As ubiquitous as ceramic materials are in nearly every aspect of modern life, their full potential has not yet been reached, said Dr. Kazuo Inamori, founder and chairman emeritus of Kyocera Corp., one of the largest manufacturers of ceramic components in the world at the dedication of the Inamori Kyocera Museum of Fine Ceramics at Alfred University (AU) Tuesday.

“I have been involved in research and business development of fine ceramics for more than half a century,” Inamori told the more than 100 people gathered for the dedication and ribbon-cutting for the new museum, located in Binns-Merrill Hall on the AU campus.

“I started from scratch,” recalled Inamori, who founded the Kyoto Ceramics Corp., forerunner of Kyocera Corp. in 1959 when he was only 27 years old. “I devoted myself to developing new products from fine ceramics.”

Fine ceramics, which are also known as advanced or engineered ceramics, meaning the materials are designed atom-by-atom to produce certain characteristics or properties, are the basis for many of today’s cutting-edge applications in science and industry.

The worldwide fine ceramics market has grown to about three trillion yen, or about $40 billion, a year, Inamori said.

“Even today, new products continue to be developed,” he said. Those will lead to the “next generation” of information, communications, environmental and energy applications for the benefit of humankind.
Prior to beginning his formal remarks for the dedication ceremony, Inamori expressed his “sincerest appreciation” to the people of the United States for their response to the March 11 earthquake and tsunami that devastated parts of Japan.
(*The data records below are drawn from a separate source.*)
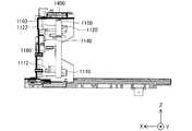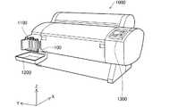 図4は、本発明による印刷システムの一実施形態における印刷装置の構成を示す斜視図である。印刷装置1000は、インクカートリッジが装着されるカートリッジ装着部1100と、回動自在なカバー1200と、操作部1300とを有する。この印刷装置1000は、ポスターなどの大判の用紙(A2〜A0サイズ等)に印刷を行う大型のインクジェットプリンター(Large Format Ink Jet Printer)である。カートリッジ装着部1100を「カートリッジホルダー」又は単に「ホルダー」とも呼ぶ。図4に示す例では、カートリッジ装着部1100には、4つのインクカートリッジが独立に装着可能であり、例えば、ブラック、イエロー、マゼンタ、シアンの4種類のインクカートリッジが装着される。なお、カートリッジ装着部1100に装着されるインクカートリッジとしては、これ以外の任意の複数種類のインクカートリッジを採用可能である。図4には、説明の便宜上、互いに直交するXYZ軸が描かれている。+X方向は、インクカートリッジ100がカートリッジ装着部1100に挿入される方向(以下、「挿入方向」又は「装着方向」と呼ぶ)である。カートリッジ装着部1100には、カバー1200が開閉可能に取り付けられている。カバー1200は省略可能である。操作部1300は、ユーザーが各種の指示や設定を行うための入力装置であり、また、ユーザーに各種の通知を行うための表示部を備えている。なお、この印刷装置1000は、印刷ヘッドや、印刷ヘッドの走査を行うための主走査送り機構及び副走査送り機構、印刷ヘッドを駆動してインクを吐出させるヘッド駆動機構等を有しているが、ここでは図示を省略する。この印刷装置1000のように、ユーザーにより交換されるカートリッジが、印刷ヘッドのキャリッジ以外の場所に設けられたカートリッジ装着部に装着される印刷装置のタイプを、「オフキャリッジタイプ」と呼ぶ。B. First embodiment of printing system:
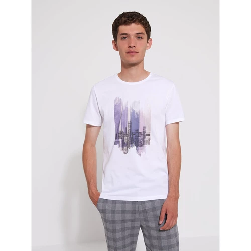 Tee-shirt manches courtes. Coupe Slim : coupe ajustée et près du corps. Confectionné en coton viscose. Tissage Jersey : Maille fine tricotée. Motif placé devant. Col rond finition bande jersey. Bas de manche avec ourlet. Bas de corps avec ourlet. Le mannequin mesure 1m84 et porte du M.
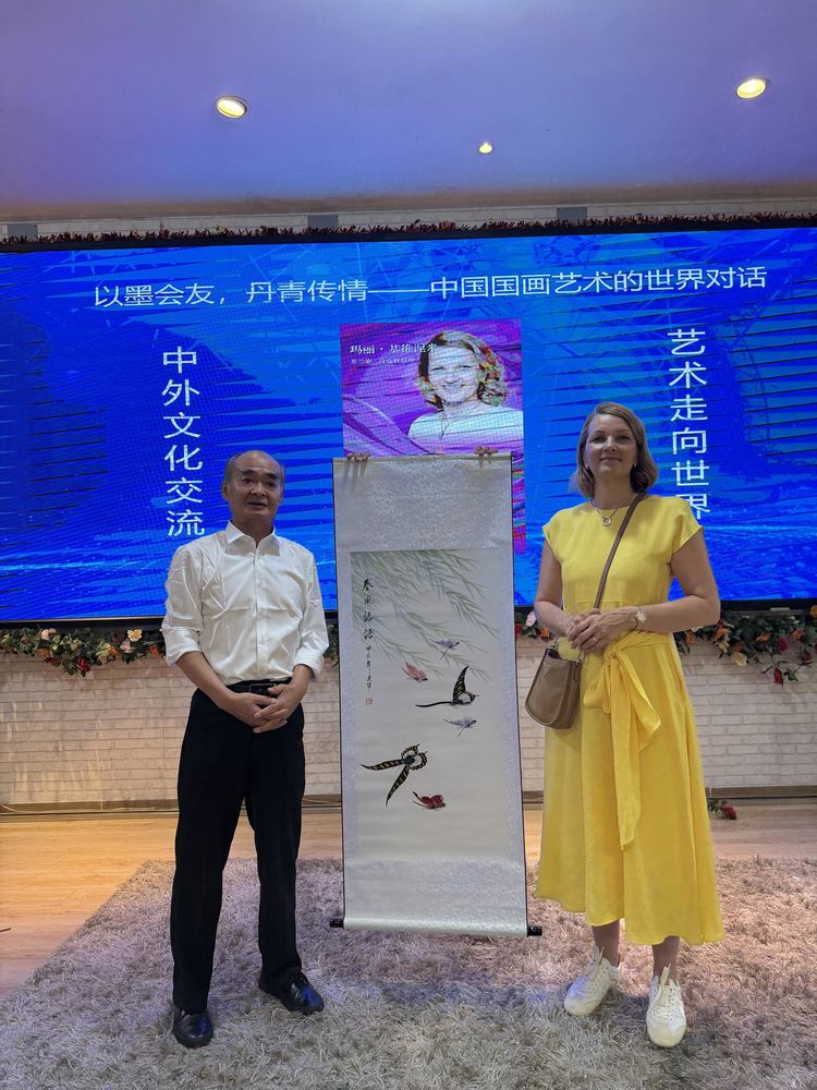 【中国深圳,2025年8月9日】第七届"推动双循环品牌走向国际"系列活动重要环节——芬兰总理玛丽·基维涅米欢迎晚宴在中国深圳私人博物馆举办。中国当代画家魏建军作为中国艺术家代表出席盛会,展开了主题为《以墨会友,丹青传情——中国国画艺术的世界对话》艺术交流。中国传统书画艺术为媒,促进中芬文化交流与经贸合作。
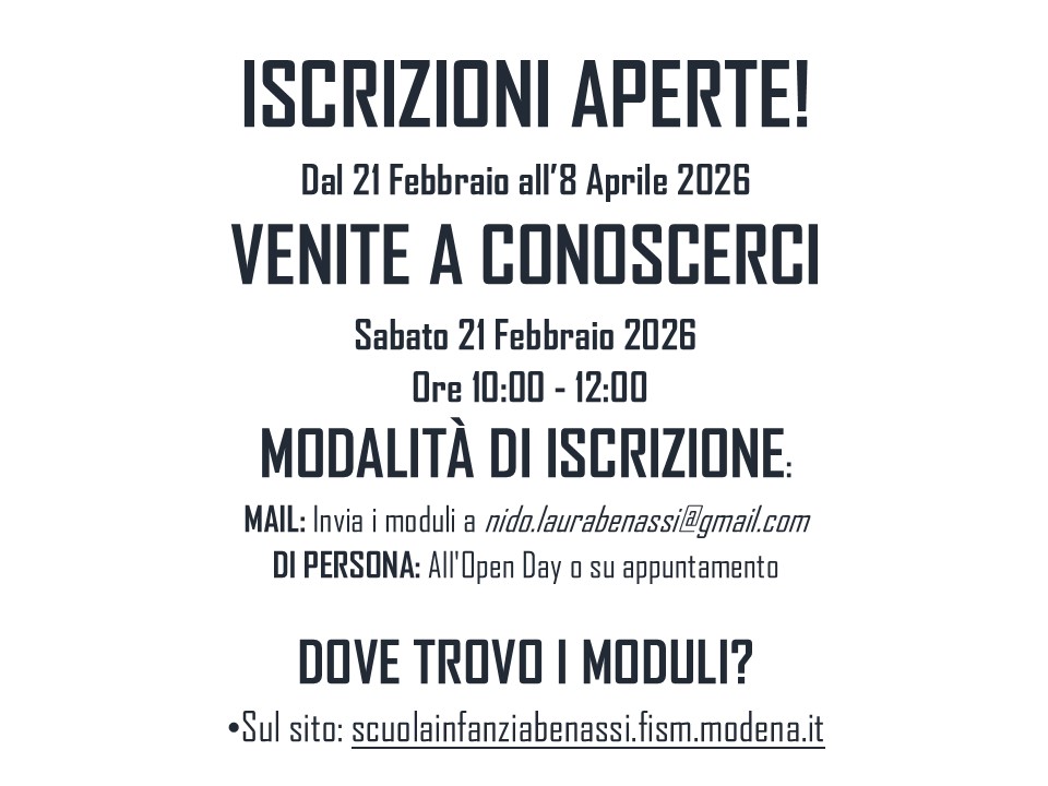 Per qualsiasi dubbio o per fissare un appuntamento, non esitate a scriverci: nido.laurabenassi@gmail.com

“The United States and its citizens showed much kindness” to the Japanese people. “I want to offer my heartfelt gratitude for the true friendship and warm support during that terrible disaster,” Inamori said.
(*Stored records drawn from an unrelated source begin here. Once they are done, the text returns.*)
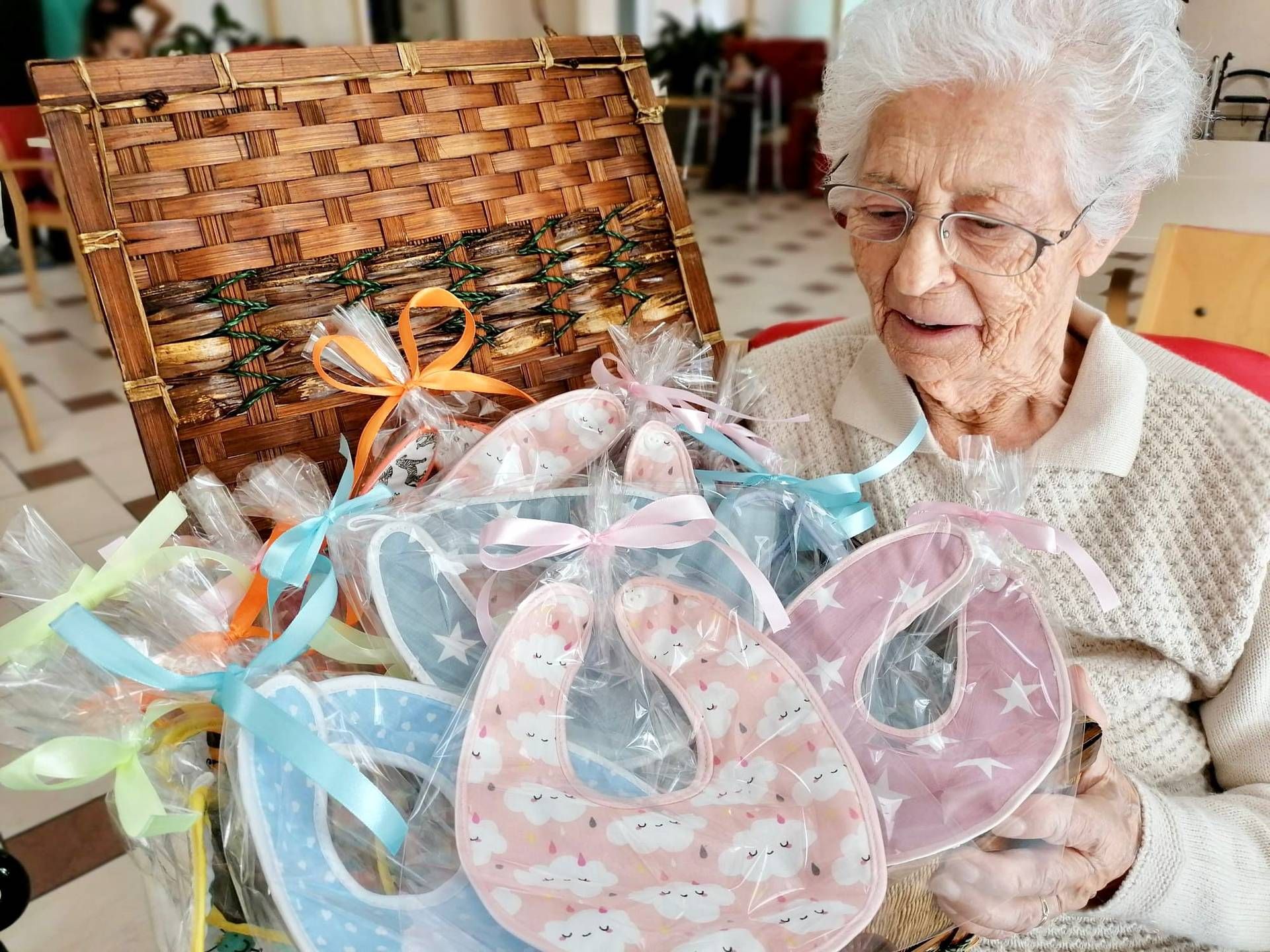 Anche quest’anno il risultato del laboratorio di cucito svolto dalle anziane della struttura è così divenuto un dono. I bavaglini sono stati realizzati sotto la supervisione dell’equipe educativa, utilizzando tessuti appositamente scelti: la consegna ha avuto alla presenza del dottor Aldo Bellini, direttore sanitario dell’Asst Rhodense, e di Marina Indino, direttore generale di Villaggio Amico.
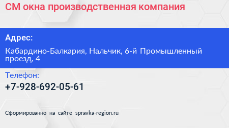 CM-окна, производственная компания по адресу Кабардино-Балкария, Нальчик, 6-й Промышленный проезд, 4 в дальнейшем Организация, размещена в следующих категориях:
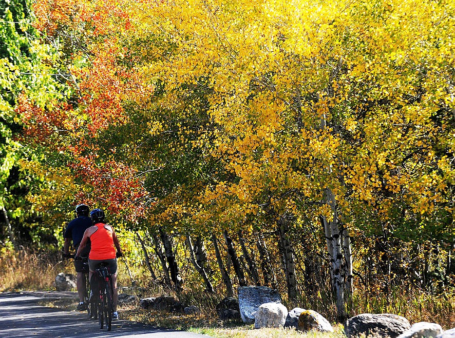 A pair of cyclist ride past an Aspen stand on the Great Northern Historical Trail west of Kalispell on Wednesday. (Aaric Bryan/Daily Inter Lake)

Alfred University President Charles M. Edmondson noted a $10 million gift from Kyocera Corp. in honor of Inamori led to a $5 million grant, approved by then-Gov. George Pataki, from New York State as a match. The NYS funding was used for the renovations of Binns-Merrill Hall, and the creation of the Museum.

The Museum is the tangible evidence of Inamori’s “scientific vision, spirituality, and inspiration” to students, faculty and staff at Alfred University, Edmondson said.

Alastair Cormack, who was the founding dean of the Inamori School of Engineering and who worked with Kyocera Corp. to create the Museum, called it an “extraordinary facility. It is unique, much more than a collection of artifacts or specimens.” It is, he said, an “educational facility in the truest sense of the word. It charts the historic development” of ceramic components that are “found in virtually every aspect” of our lives today. Visitors to the Museum will be “staggered by their pervasiveness.”
The Museum is a testament to the impact Inamori’s work and Kyocera Corp. have had on our lives today, Cormack noted.

The collection will also serve as a “reminder to us to live up to” Inamori’s leadership in science and business and to be better citizens of the world.